◆ EXERCISE DETAILS
Leaving out all pictures, write out word for word the lines from the one containing "Kolczyki z pereł" to the end of the data below.

◆ INFORMATION SUPPLIED

◇ ◇ ◇

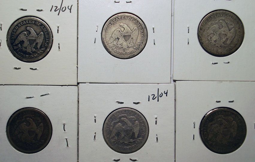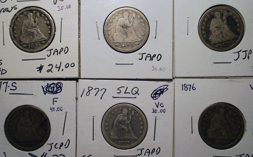 LIBERTY SEATED QUARTERS:1854 VG, 1854 G,1873 ARROWS AG, 1877-S VG,1877 VG,1876 G
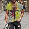 2021 New 3D Cross Skull Print T-shirt O-neck Urban Trend European and American Men's Short-sleeved T-shirt XXS-6XL
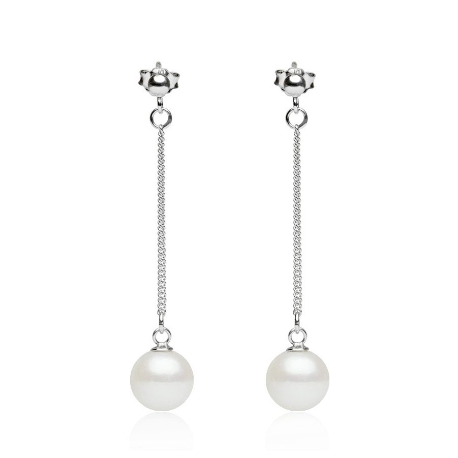 Kolczyki z pereł słodkowodnych – delikatna i kobieca biżuteria o nowoczesnym charakterze. Wykonane z rodowanego srebra próby 925, posiadają zapięcie typu sztyft. Subtelny, wiszący łańcuszek zakończony jest białą perłą o średnicy 8–9 mm, która pięknie kołysze się przy ruchu. Lekka forma i elegancki połysk sprawiają, że kolczyki idealnie sprawdzą się zarówno na co dzień, jak i na specjalne okazje.
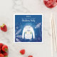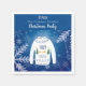 En napkin för en roligt julhelg och party, dinners. En blå bakgrund med stort vitt snöflingor, kristaller. Dekorerad med en ful vit julafton-sötare. Anpassa och lägg till din familj namn, år och typ av party. Texten: Jul Party är skriven i vitt med ett modernt handskript i stil. Vit brev.

◇ ◇ ◇

◆ EXERCISE RESULT
 Kolczyki z pereł słodkowodnych – delikatna i kobieca biżuteria o nowoczesnym charakterze. Wykonane z rodowanego srebra próby 925, posiadają zapięcie typu sztyft. Subtelny, wiszący łańcuszek zakończony jest białą perłą o średnicy 8–9 mm, która pięknie kołysze się przy ruchu. Lekka forma i elegancki połysk sprawiają, że kolczyki idealnie sprawdzą się zarówno na co dzień, jak i na specjalne okazje.
 En napkin för en roligt julhelg och party, dinners. En blå bakgrund med stort vitt snöflingor, kristaller. Dekorerad med en ful vit julafton-sötare. Anpassa och lägg till din familj namn, år och typ av party. Texten: Jul Party är skriven i vitt med ett modernt handskript i stil. Vit brev.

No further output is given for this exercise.